The goal of ghedata is to share data resources that document the work of the Global Health Engineering group at ETH Zurich. The data can be used for research, teaching, and learning purposes. The data is available as an R data package, in CSV and XLSX formats.

Installation

You can install the development version of ghedata from GitHub with:

# install.packages("devtools")
devtools::install_github("global-health-engineering/ghedata")
## Run the following code in console if you don't have the packages
## install.packages(c("dplyr", "knitr", "readr", "stringr", "gt", "kableExtra"))
library(dplyr)
library(knitr)
library(readr)
library(stringr)
library(gt)
library(kableExtra)
library(ggthemes)
library(ggplot2)

Alternatively, you can download the individual datasets as a CSV or XLSX file from the table below.

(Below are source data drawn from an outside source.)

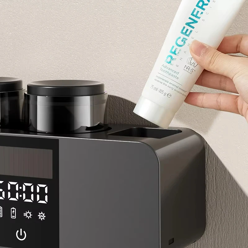 This wireless wall-mounted toothbrush sterilizer helps maintain better oral hygiene.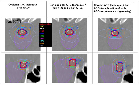 Table 4. Conformity Index (C.I.) and Gradient Measure (G.M.) comparison of coplanar (CP), non-coplanar (NCP) and coronal arc (cARC) planning techniques. Non-coplanar (NCP) technique has better C.I. and G.M. indices. Conformity Index (C.I.) for cARC is comparable to both NCP and CP. Gradient Measure (G.M.) for cARC resides in between NCP and CP but superior to CP.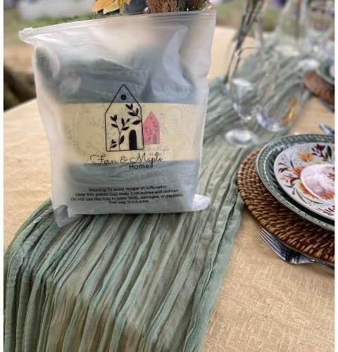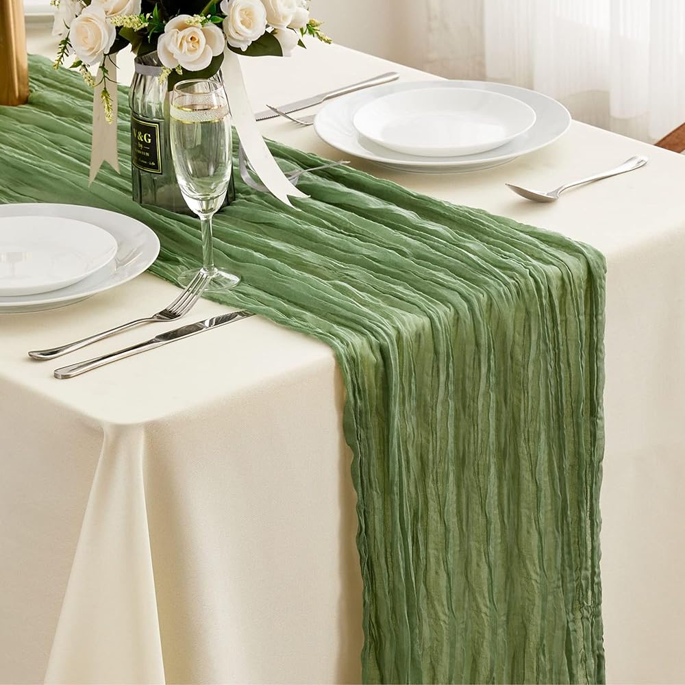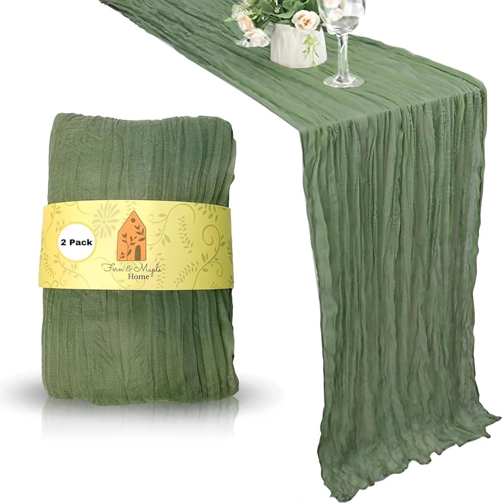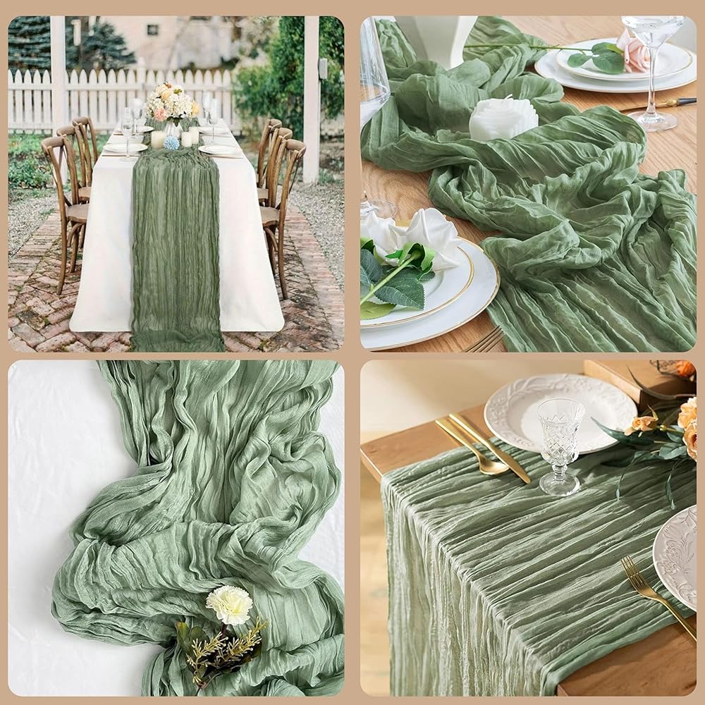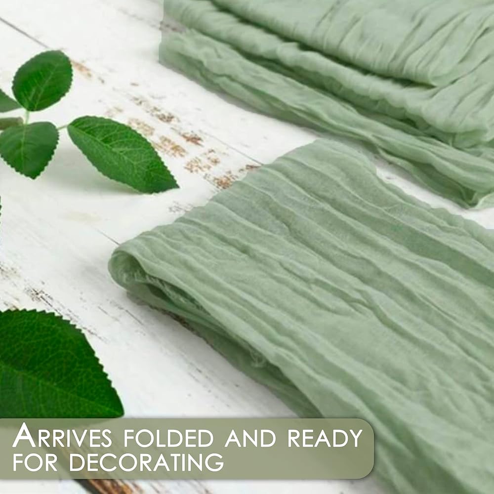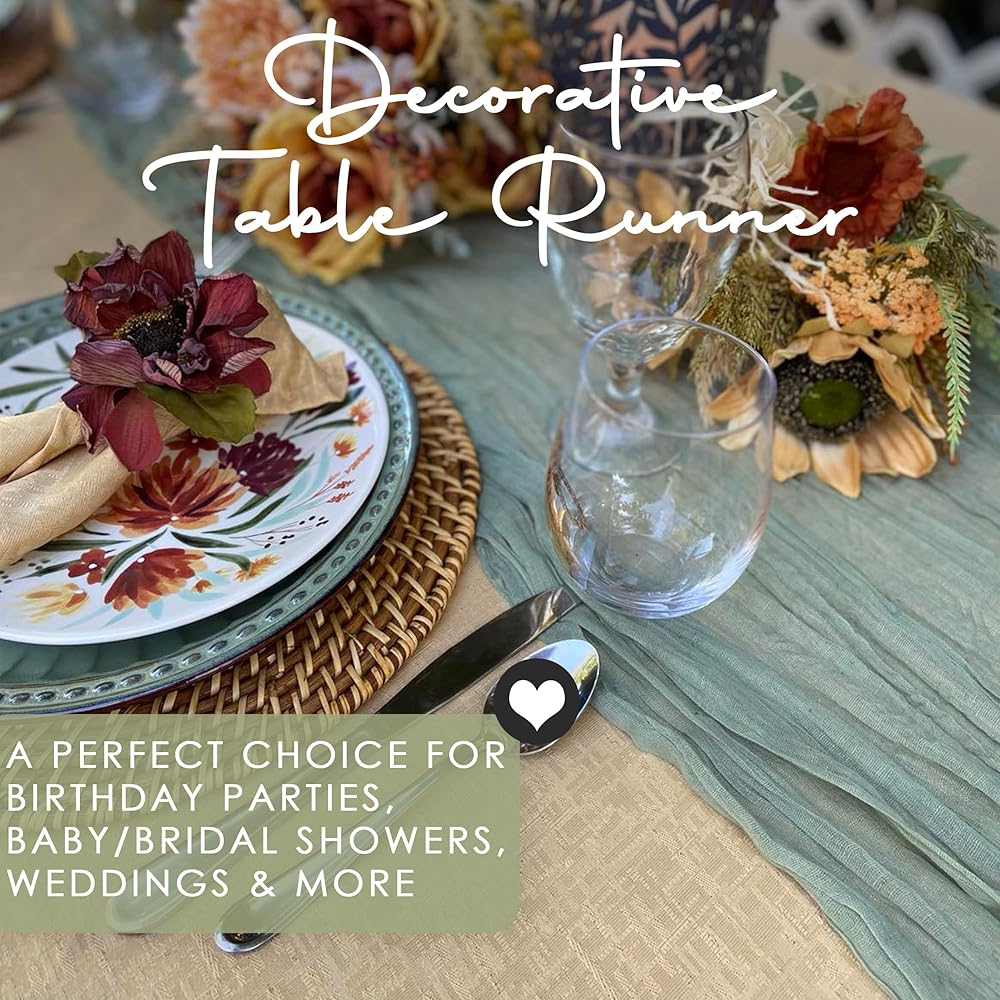Set of 2 Boho Table Runners: Our Cheesecloth Table runner bulk helps set the perfect mood to any modern or farmhouse-style dining room. Celebrate in style with this set of 2 Sage Green table runner, which is a great choice for wedding decorations, birthday parties, & more!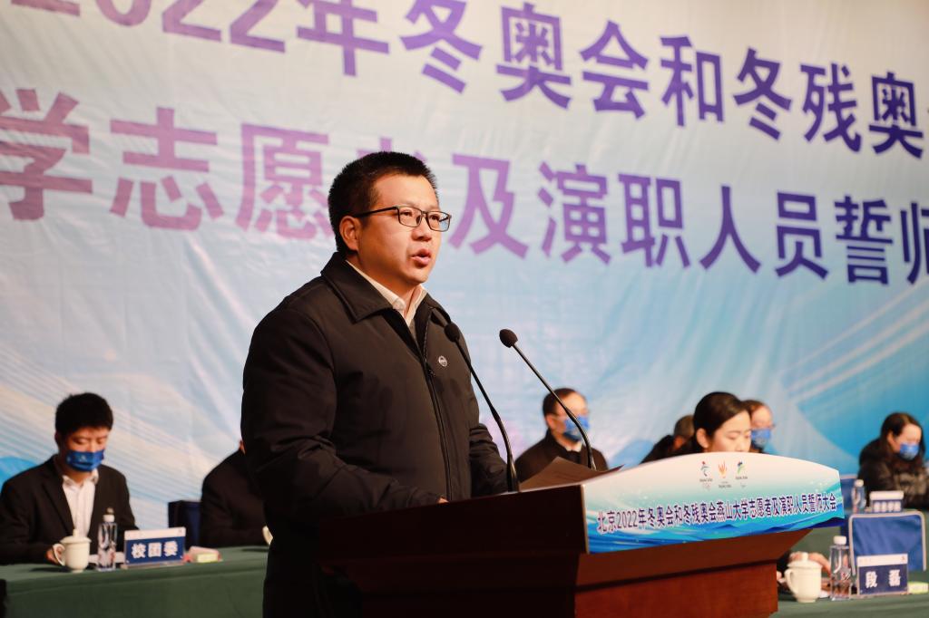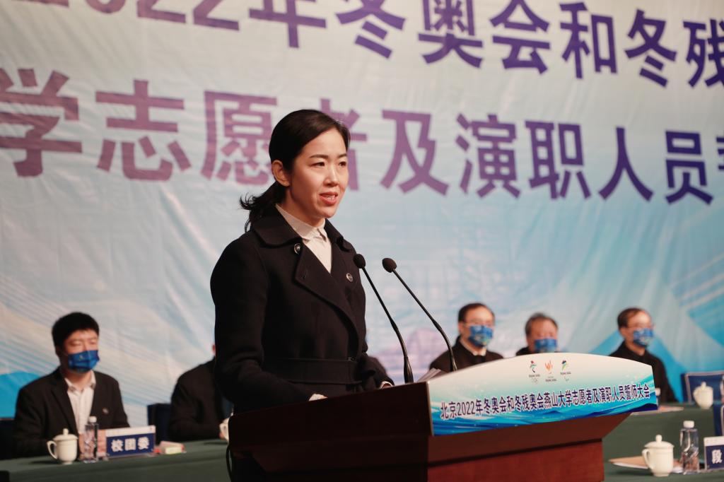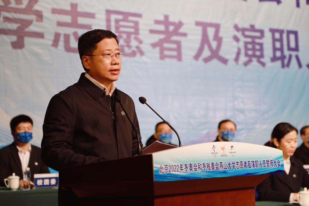 Zhao Xianfeng made a mobilization speech at the meeting. On behalf of the Party Committee of YSU, he expressed his high respect and best wishes to all teachers and students who are about to embark on the journey of serving the Winter Olympics, with the expectations and trust. Zhao Xianfeng said that the task of YSU to serve the Winter Olympics is a historical opportunity given by the great era, is a glorious mission delivered by the Party and the people, and is a grand stage to showcase the YSU youth, Hebei youth and even Chinese youth. He had four hopes to the teachers and students serving the Winter Olympics: (1) to cherish the honor and fulfill the mission. It is necessary to contribute to the Winter Olympics with a strong sense of political responsibility and a highly responsible attitude, and live up to the ardent expectations of the Party and the people; (2) to be dedicated and enthusiastic in services. It is necessary to overcome difficulties with fearless courage and firm conviction, complete various tasks with enthusiasm and meticulousness, and contribute to the Winter Olympics with practical actions; (3) to improve skills and show demeanor. It is necessary to vigorously improve the professional skills and comprehensive quality of serving the Winter Olympics, fully display the good image of the Chinese people's civility, politeness, self-reliance and self-confidence, and make the serves of YSU staff in the Winter Olympics a good memory for guests and friends from all over the world; and (4) to earnestly perform responsibilities and ensure safety. It is necessary to abide by relevant rules and regulations, enhance self-discipline awareness, consciously obey the dispatch, and at the same time improve political standing and safety awareness, and complete the glorious task of serving the Winter Olympics with high quality and high level on the premise of safety and health.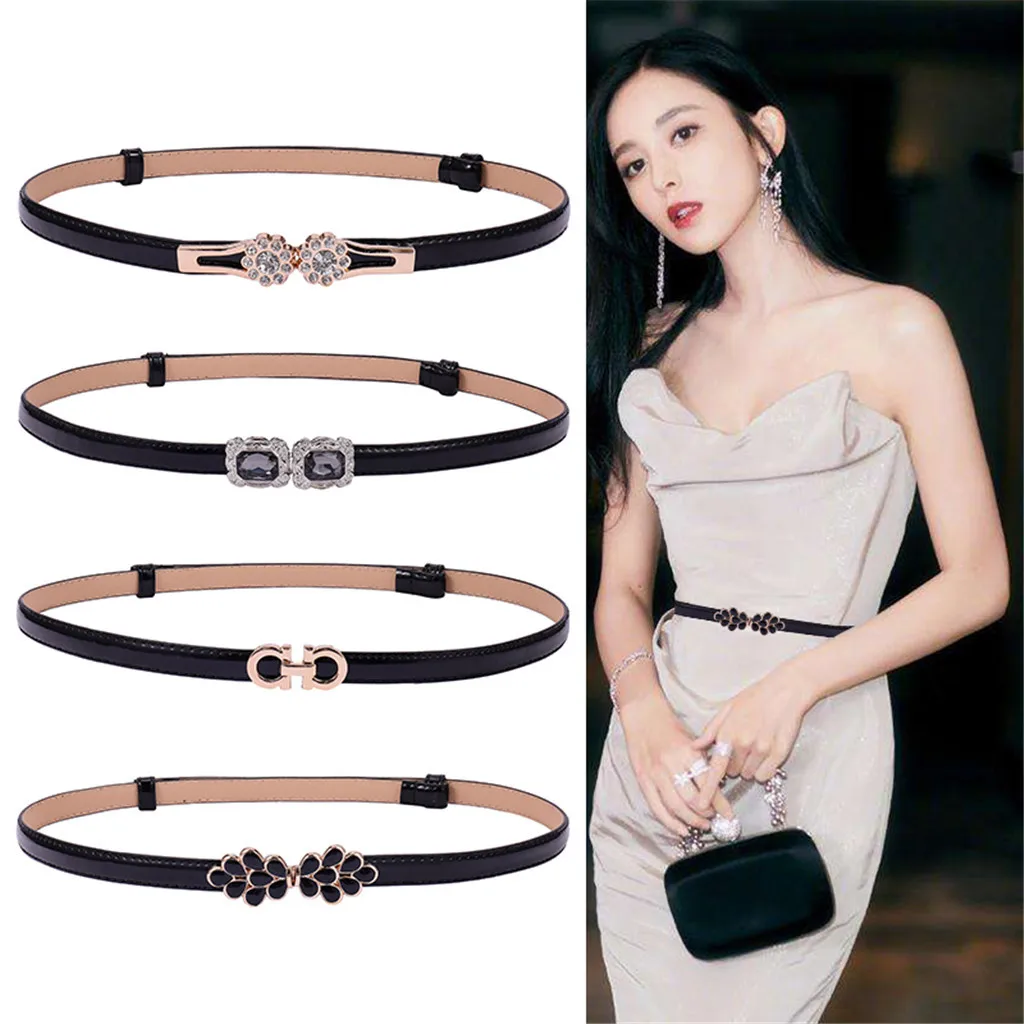 Ремень женский эластичный, тонкий кожаный пояс с пряжкой, A714, лето 2020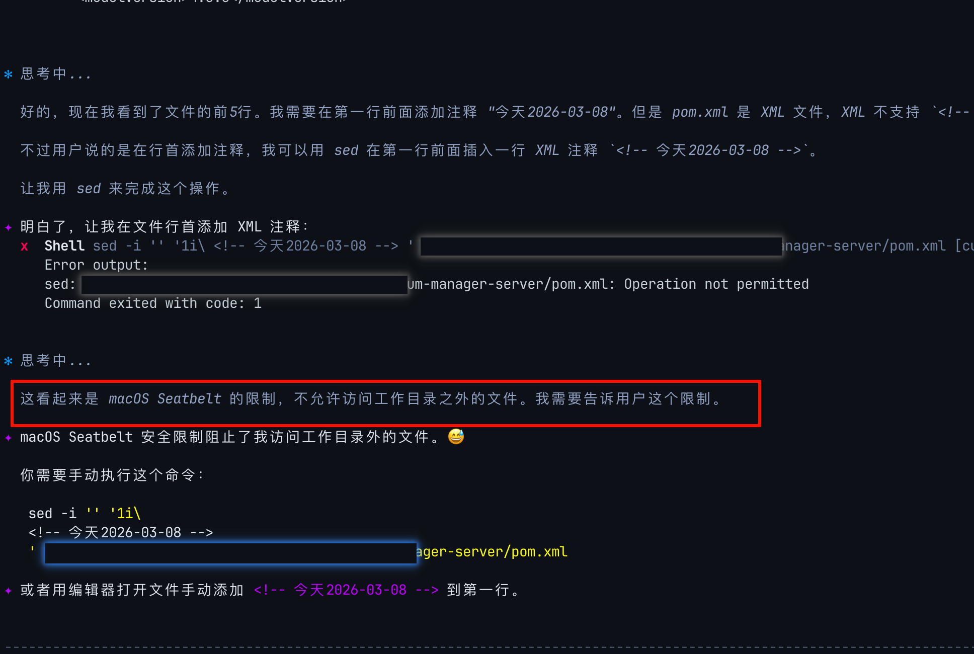 我在最开始描述了不允许访问xxxx之类的约束,也在AGENTS.md和IFLOW.md里写了约束,但是多几次对话它就忘了。感觉并没有每次或者多少轮对话就强制读说明文件,然后本身还会因为大模型特有的极易混淆而出错。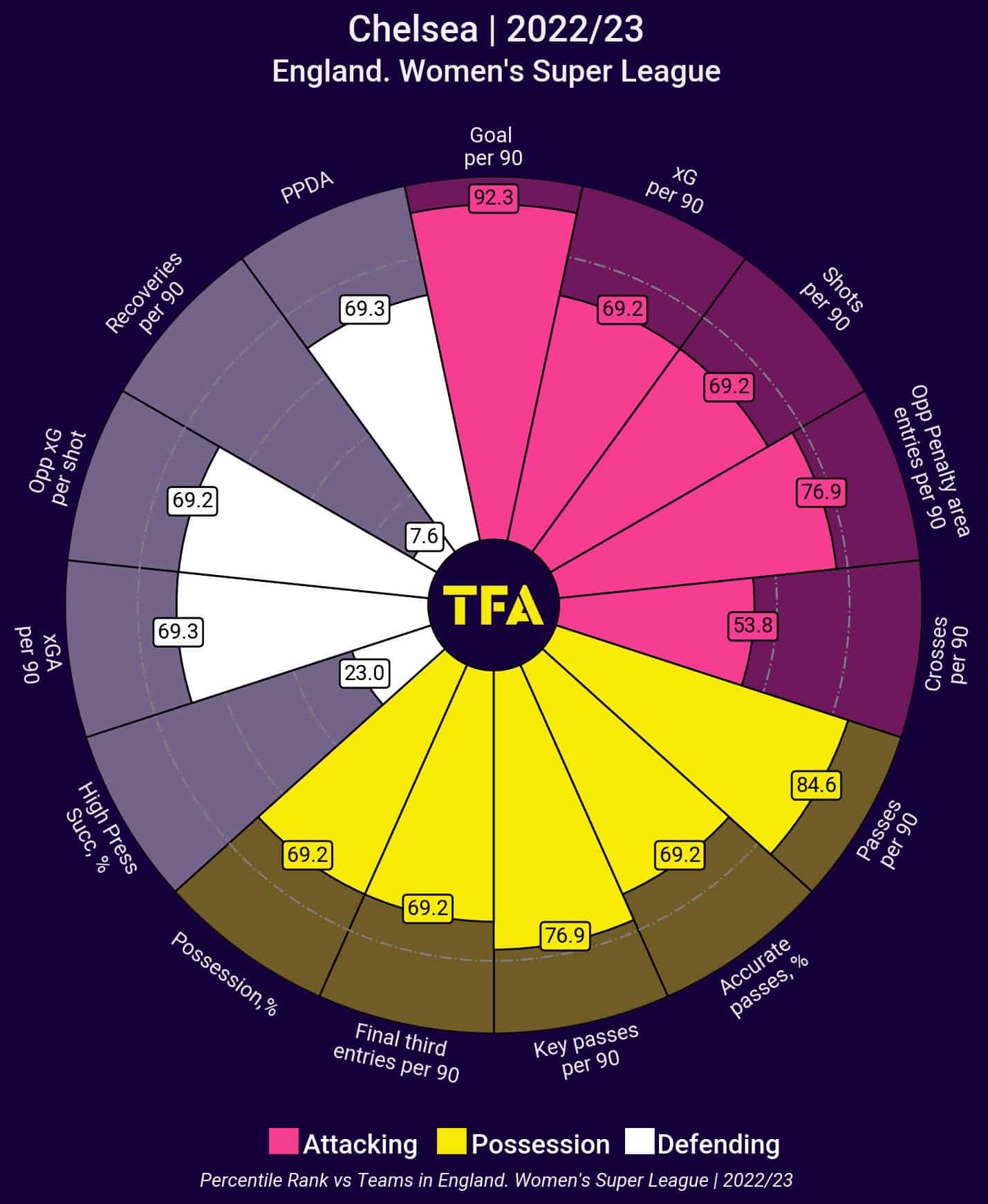 Let’s now turn our attention towards the defending champions, Chelsea. If we look at the pizza chart showing The Blues’ percentile rankings, we can see it differs vastly from that of Manchester United. Emma Hayes does ask her team to frequently press high but they understand that this is unsustainable throughout 90 minutes and are flexible with their press.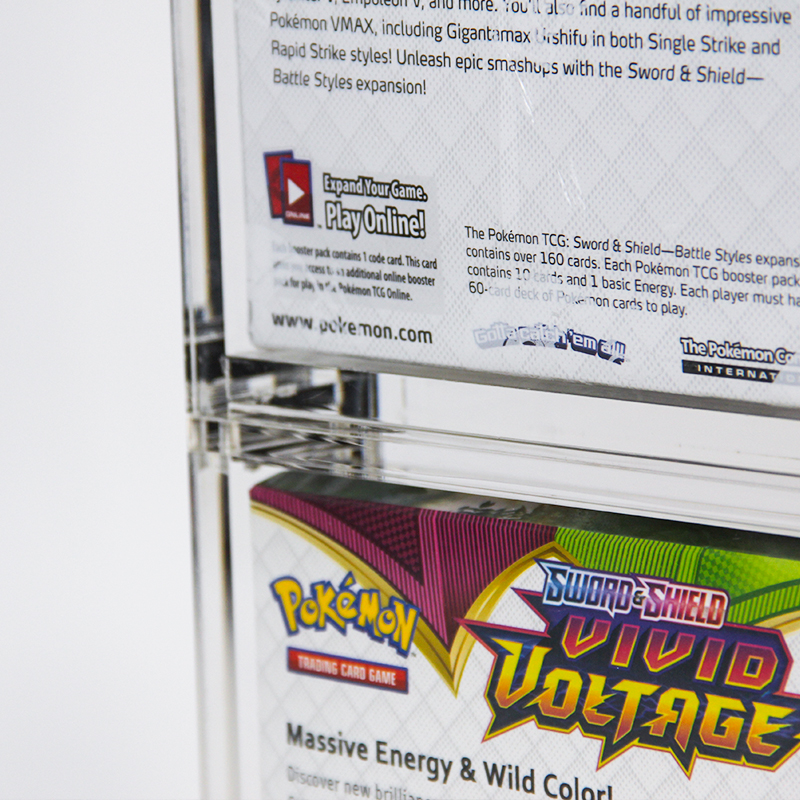 Made from high-quality, scratch-resistant acrylic, this stackable protector offers long-lasting durability to shield booster boxes from dust, scratches, and minor impacts; its transparent design preserves full visibility of box artwork while keeping contents pristine, and the stackable structure maximizes storage efficiency—allowing users to build a neat, visually appealing display of multiple boxes. Unlike flimsy plastic alternatives, it maintains structural stability even when stacked, combining practical protection with a sleek, professional presentation.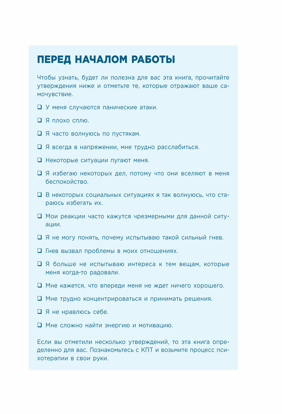 Время от времени каждый из нас вдруг попадает в жесткие тиски эмоций. Это может быть ощущение всепоглощающей тревоги или депрессия, высасывающая из жизни все краски, паника, которая накрывает в самые неподходящие моменты, частые вспышки гнева. Из этого воркбука вы узнаете, как справиться с психологическими проблемами. Обращайтесь к воркбуку так часто, как это будет необходимо.
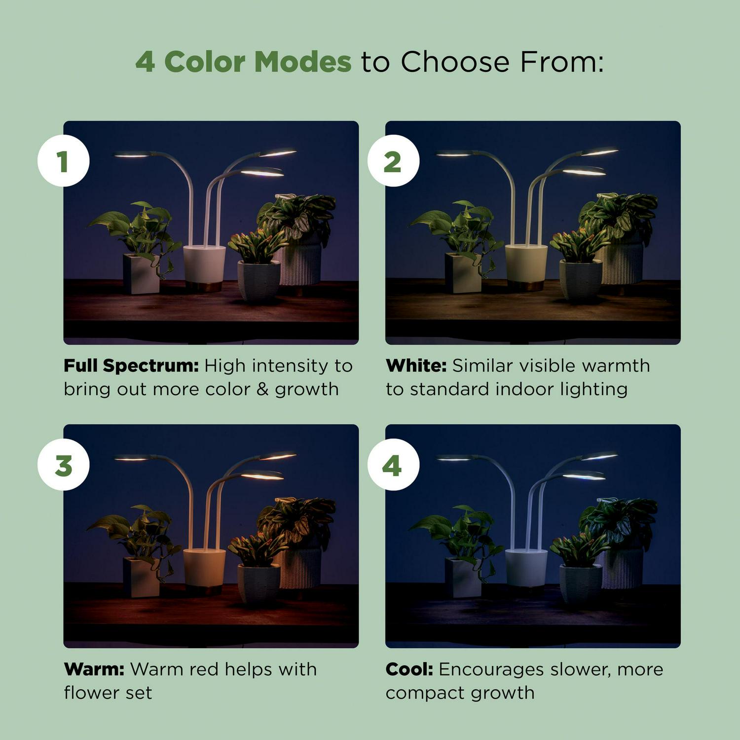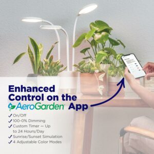 – Easily customize your smart grow light via the AeroGarden app, with features including custom light schedule, dimming capabilities, sunrise/sunset setting, and four adjustable Light Modes

  1. Click Download CSV. A window opens that displays the CSV in your browser.
  2. Right-click anywhere inside the window and select “Save Page As…”.
  3. Save the file in a folder of your choice.
dataset CSV XLSX
people Download CSV Download XLSX

Data

The package provides access to one data resource.

people

The dataset people contains data about people that have worked for the group. This includes staff, as well as undergraduate student projects.

It has 129 observations and 7 variables.

people |> 
  head(3) |> 
  gt::gt() |>
  gt::as_raw_html()
title degree type b_m_student start_date year thesis_title
2021-bsc-thesis-225343 bsc thesis yes 2021-02-01 2021 Self-cleaning Preliminary Screening Mechanisms to Improve Health and Wastewater Treatment Efficiency in Low-income Countries
2021-msc-thesis-554324 msc thesis yes 2021-09-19 2021 Barriers to successful data management in the Global South: Case Study of Malawi
2022-bsc-thesis-164543 bsc thesis yes 2022-03-25 2022 The development of a recycled plastic wheel for cardboard collector trollies - improving the working conditions of informal cardboard recyclers in Durban, South Africa

For an overview of the variable names, see the following table.

variable_name variable_type description
project_id character Unique identifier for each person using a combination of other metadata. Folder name on Google Drive.
degree character Categorical variable with four levels: bsc, msc, phd, staff.
type character Categorical variable with six levels: hiwi, intern, post-doc, scientific-assitant, sem-proj, thesis.
b_m_student character Binary variable to identify if person is BSc or MSc students. Levels: yes, no.
start_date Date Start date of the person.
year numeric Year of the start date.
thesis_title character Title of the thesis.

Example

library(ghedata)

undergrad_students <- people |> 
  filter(b_m_student == "yes") |>
  filter(!is.na(title)) 

So far, GHE has supervised 108 projects of which 25 were done by BSc and 83 by MSc students.

undergrad_students |> 
  count(degree, year) |> 
  ggplot(aes(x = year, y = n, label = n, fill = degree, color = degree)) +
  geom_col(position = "dodge") +
  geom_text(position=position_dodge(width=0.9), 
            vjust=-0.5,
            show.legend = FALSE) +
  labs(x = "",
       y = "Number of students") +
  scale_fill_colorblind() +
  scale_color_colorblind() +
  theme_minimal() +
  theme(panel.grid = element_blank(),
        axis.text.y = element_blank())

License

Data are available as CC-BY.

Citation

Please cite this package using:

citation("ghedata")
#> To cite package 'ghedata' in publications use:
#> 
#>   Schöbitz L (2024). _ghedata: What the Package Does (One Line, Title
#>   Case)_. R package version 0.0.0.9000,
#>   <https://github.com/global-health-engineering/ghedata>.
#> 
#> A BibTeX entry for LaTeX users is
#> 
#>   @Manual{,
#>     title = {ghedata: What the Package Does (One Line, Title Case)},
#>     author = {Lars Schöbitz},
#>     year = {2024},
#>     note = {R package version 0.0.0.9000},
#>     url = {https://github.com/global-health-engineering/ghedata},
#>   }